In Wanted: The Super Friends, old Justice League villain Felix Faust appears in a story apparently inspired by one of the more memorable Justice League of America covers from way back in 1962. Using magical finger puppets of the Super Friends as something akin to voodoo dolls, the wicked magician is able to control the heroes’ actions, and he uses them to gather three powerful magical artifacts. Inspired by one of their fans, however, they find a way to trick the villain. (That fan gets the nickname “Snapper,” one of several references in this book to the Silver Age Justice League.)
The other books are Hungry For Power and April Fools, the first and fourth issues of the comic, respectively. In the former, the Friends run afoul of Professor Ivo and his android Amazo. In the latter, the Friends come into conflict with The Jesters League of America, which is full of clownish villains like The Joker, Harley Quinn, Trickster, Prankster and Punch and Jewlee.

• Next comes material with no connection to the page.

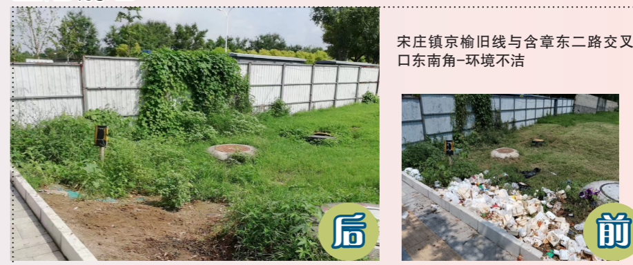
宋庄镇京榆旧线与含章东二路交叉口东南角-环境不洁

Each volume ends with biographies of the six heroes and the creators involved, some activities, a glossary of vocabulary (satellite, wizard, kryptonite, brachiosaurus, etc) with definitions and pronunciation and discussion questions about the story.
The books are suggested for readers 7 to 9 but are probably A-OK for kids just starting to read, particularly if they’re already superhero fans.

About J. Caleb Mozzocco
J. Caleb Mozzocco has written about comics for online and print venues for a rather long time now. He lives in northeast Ohio, where he works as a circulation clerk at a public library by day.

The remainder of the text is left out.